Admito que eu tava com um bloqueio artístico absurdo. Não conseguia escrever sobre nada, mesmo que eu tenha bastante conteúdo e material pra falar sobre atualmente. Quer dizer, se tudo deu certo, foi postado alguns textos recentemente. Se eu postar na ordem que foram escritos, então posso dizer que os dois últimos foram feitos antes do writer’s block, mas esse aqui, não. Eu apenas adquiri inspiração enquanto fazia qualquer tarefa doméstica simples cantando Merry-Go-Round of Life, uma música de uns cinco minutos que eu, assim como muita gente, tenho decorada inteirinha.
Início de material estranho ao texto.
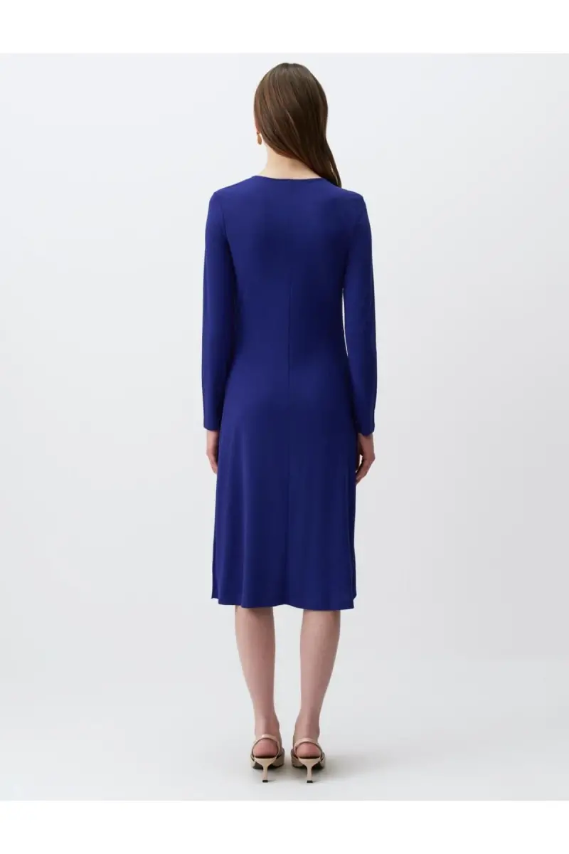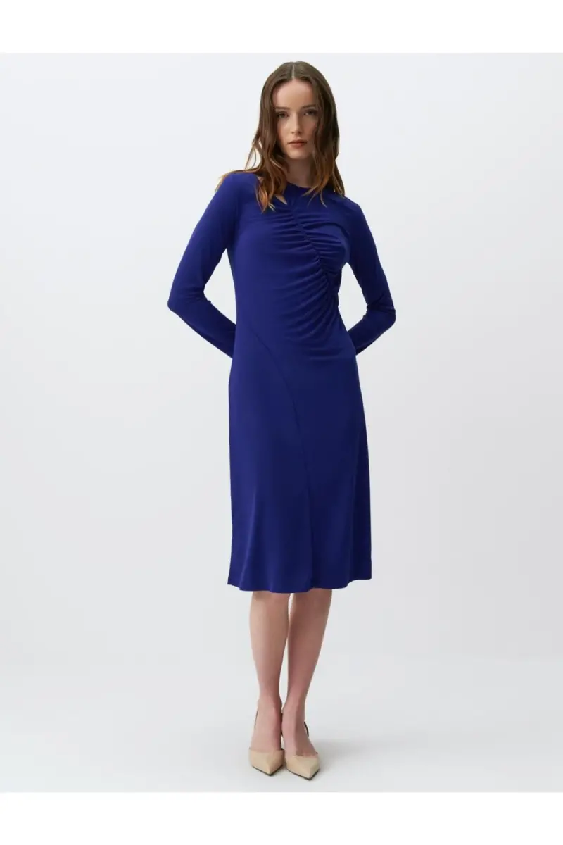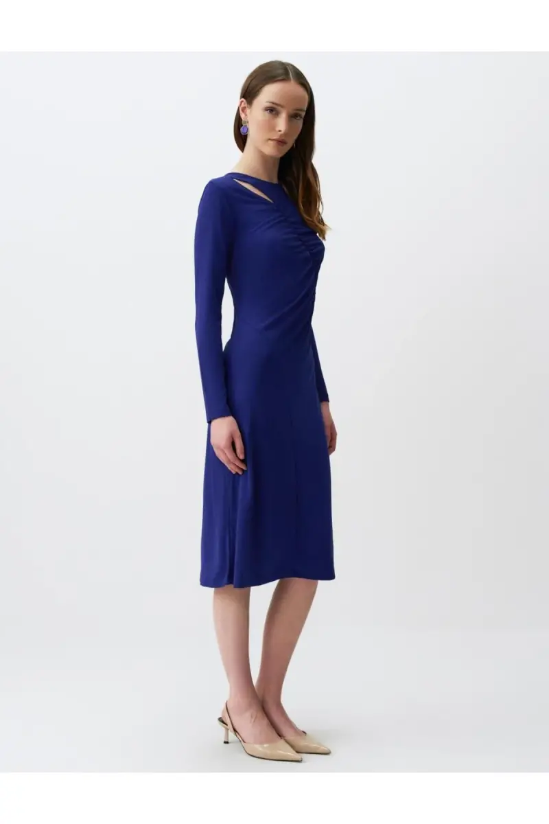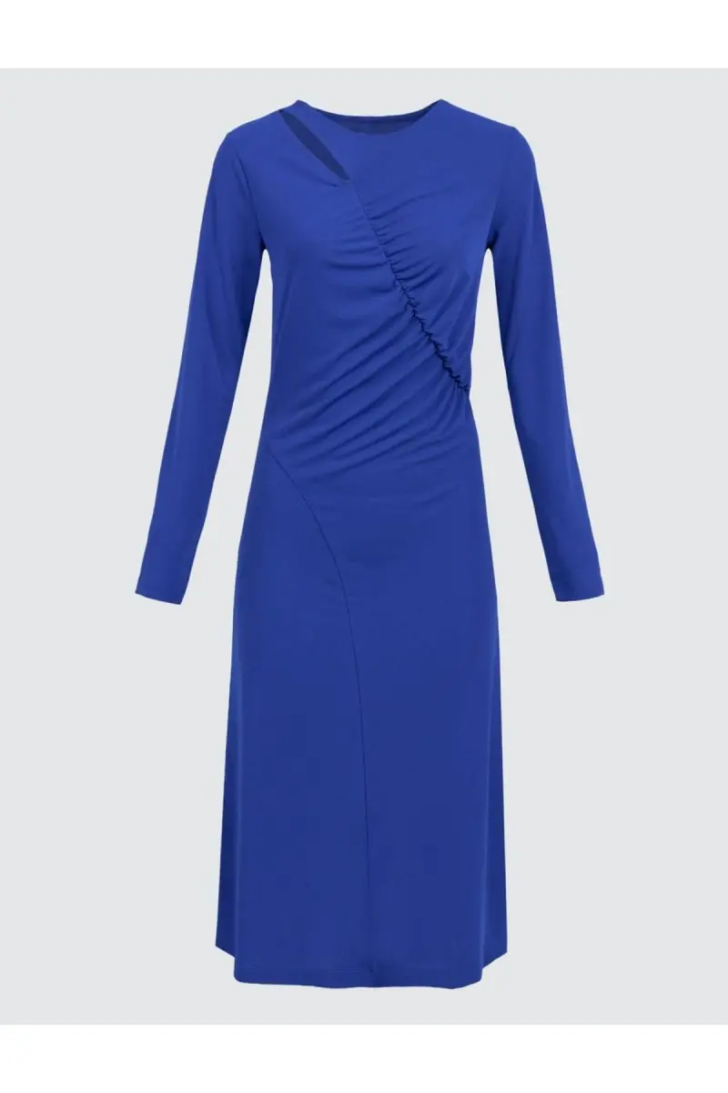 Kobalt mavi rengiyle göz alıcı bir stil sunan bu midi elbise, şıklığı ve rahatlığı bir araya getiriyor. Zarif pencere detayları, elbisenin minimal çizgilerine sofistike bir dokunuş katarken, uzun kolları sizi her mevsimde rahat etmenizi sağlıyor. Günlük kullanım için ideal olan elbise, özel günlerinizde de şıklığınızı tamamlayacak.

Só de CANTAROLAR a música (nem ouvir) todos os sentimentos retornaram e eu larguei os outros textos que eu comecei a esboçar só pra escrever esse aqui. Que bom que fiz isso. É claro, eu gostaria de ter feito um ensaio elaborado e mais interessante sobre uma obra como essa, mas meu amor por ela é extremamente pessoal. Nada mais justo que eu faça um texto com menos formalidade pra mostrar essa conexão.
Howl é uma das obras que me lembra alguns dos momentos mais felizes da minha vida, uma boa parte foi com a pessoa que mencionei antes. Eu ainda amo muito ela, de maneiras que vocês não acreditariam, mas o futuro meio que “já tá escrito”. Eu só posso viver com as memórias e a grande amizade dessa pessoa, que só com uma mensagem alegra meu dia. É impossível pra mim falar de O Castelo Animado sem pensar nos momentos maravilhosos que tive com essa pessoa, e uma das épocas mais importantes da minha vida inteira. Talvez, o período que estive com essa pessoa foi de fato a época mais especial da minha vida. Não era perfeita, mesmo nossa relação tinha vários problemas (principalmente por sermos muito jovens e dependentes emocionais), mas as memórias dos bons momentos são preciosas demais pra mim. Eu nunca, nunca, nunca vou esquecer dessas coisas. E várias delas pedem o agradecimento à esse universo de personagens que em apenas um filme conquistou meu coração — nossos corações. De muitas maneiras Howl mudou minha vida, e eu sei que a de muitas outras pessoas. Eu tenho certeza que vai continuar me aproximando das pessoas mais importantes da minha história, sendo uma das obras de arte que eu consideraria pilares para quem eu sou hoje. Obrigada pela leitura, tenham uma boa noite.